Segment Start: Exercise data

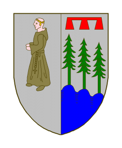 Parti, au I d’argent au moine au naturel, au II d’argent au mont de trois coupeaux d’azur, issant en bande de la partition, chaque coupeau surmonté d’un sapin au naturel, en chef un lambel de gueules (?).
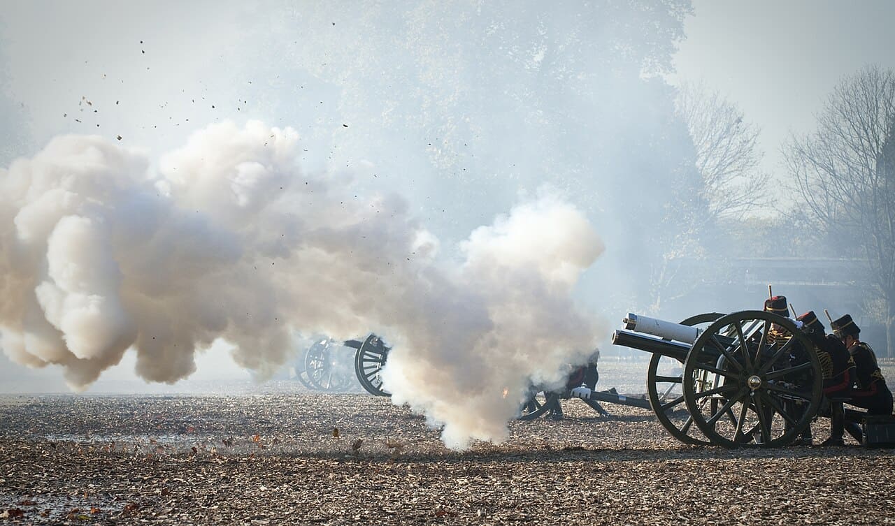 Gun Salute, Holland ca. 1680 (Wikimedia); Gun Salute by the Royal Horse Artillery UK (Wikimedia)
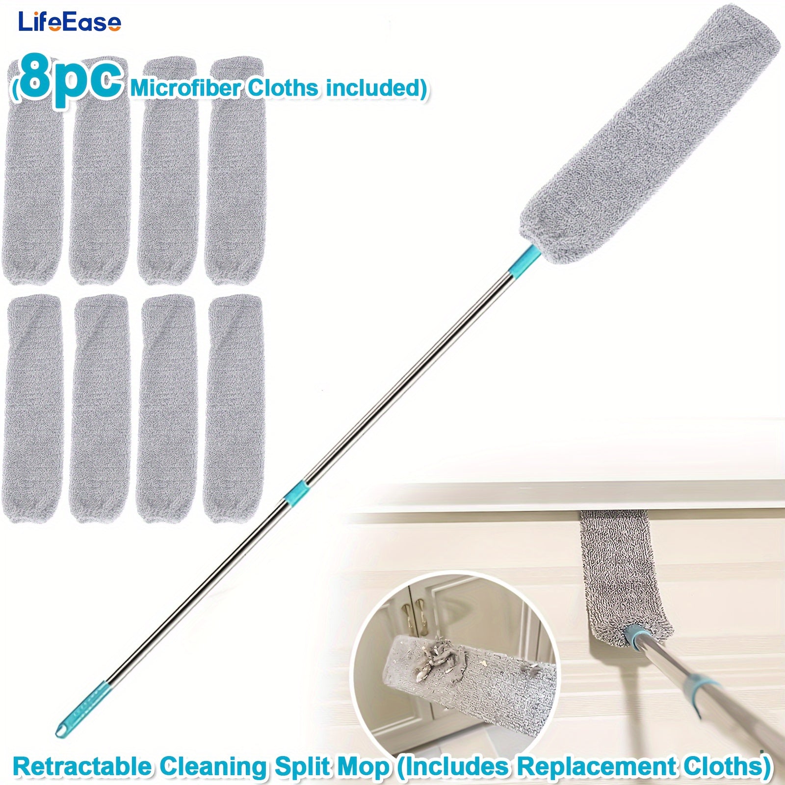 Extended Retractable Dusting Split Mop with 4/6/8/12 Microfiber Dusting Cloths, Underbed Cleaning, for sweeping dust, wiping crevices of sofas, Extended mop for mopping under beds, home cleaning, cleaning tools for the school

Segment End: Exercise data

→ **Exercise brief**
Starting at the line that contains "Gun Salute, Holland", write out exactly each line through the last one in the listing above, leaving out the pictures and adding nothing else.

→ **Exercise solution**
 Gun Salute, Holland ca. 1680 (Wikimedia); Gun Salute by the Royal Horse Artillery UK (Wikimedia)
 Extended Retractable Dusting Split Mop with 4/6/8/12 Microfiber Dusting Cloths, Underbed Cleaning, for sweeping dust, wiping crevices of sofas, Extended mop for mopping under beds, home cleaning, cleaning tools for the school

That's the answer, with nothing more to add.